Large diameter microbubbles produced by a catheter-sized microfluidic device for sonothrombolysis applications

Therapeutic approaches that enhance thrombolysis by combining tissue plasminogen activator (tPA), ultrasound (US), and/or microbubbles (MBs) are known generally as sonothrombolysis techniques. To date, sonothrombolysis clinical trials and experimental investigations have primarily utilized commercially available MB formulations (or derivatives thereof) with MB diameters generally in the range 1 - 4 μm. The restriction on MB diameter is due to a risk of gas emboli formation, which has left MBs outside of this diameter range virtually unexplored for sonothrombolysis applications. However, it is broadly understood that large MBs confer larger bioeffects when excited acoustically, as has been shown in sonoporation, blood brain barrier disruption, and sonothrombolysis applications. In support of the hypothesis that large MBs confer enhanced therapeutic effects, we demonstrate that MBs with diameters between 10 - 20 μm achieve a 4.5-fold increase in in vitro sonothrombolysis rates compared to MBs with diameters between 1 - 4 μm. In addition, we present the development of a catheter (1.5 mm diameter) containing a flow-focusing microfluidic device (FFMD) capable of producing large-diameter MBs suitable for catheter-directed sonothrombolysis applications. The microfluidically-produced MBs are comprised of N2 gas and a weak albumin/dextrose shell, which confers short MB half-lives and reduces the risk of gas emboli formation. Finally, we present the results of administering microfluidically produced MBs directly into the rat brain to demonstrate that large MBs with short lifetimes are safe for in vivo deployment.

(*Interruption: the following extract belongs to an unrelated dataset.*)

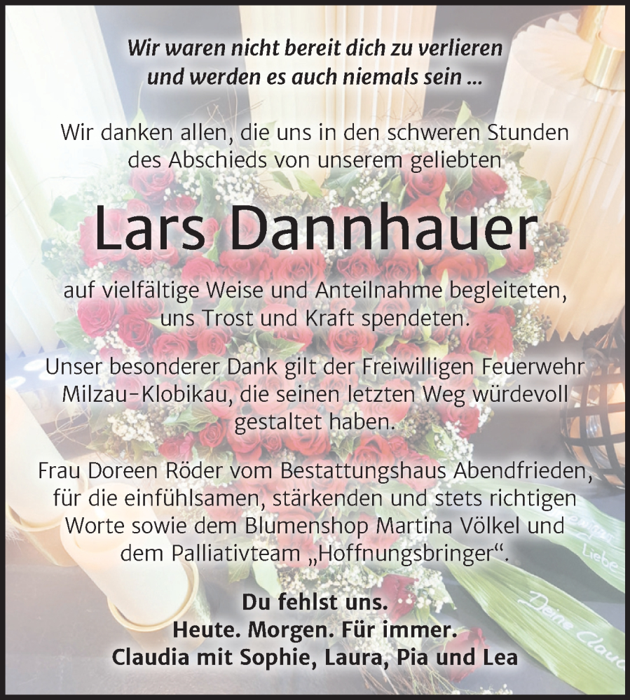 Hier finden Sie alle Traueranzeigen aus der Zeitung, die bisher für Lars Dannhauer erschienen sind. Weitere Traueranzeigen, die in der Zeitung erscheinen, werden hier ebenfalls aufgelistet

Multifunction intravascular ultrasound for microbubble based drug delivery

A compact, single element, mechanically rotated intravascular ultrasound (IVUS) transducer for microbubble-based drug delivery and imaging has been designed and fabricated. This device provides displacement, delivery, and imaging capabilities to enable microbubble-based delivery of a therapeutic drug and delivery verification. The IVUS transducer was designed and fabricated to operate at a center frequency of 7 MHz. Acoustic radiation radiation force displacement of microbubbles, fluorophore delivery using microbubbles in vitro and imaging capabilities were demonstrated. Finally, a fluorescent model drug was delivered under physiological flow conditions to an ex vivo porcine artery using the prototype IVUS.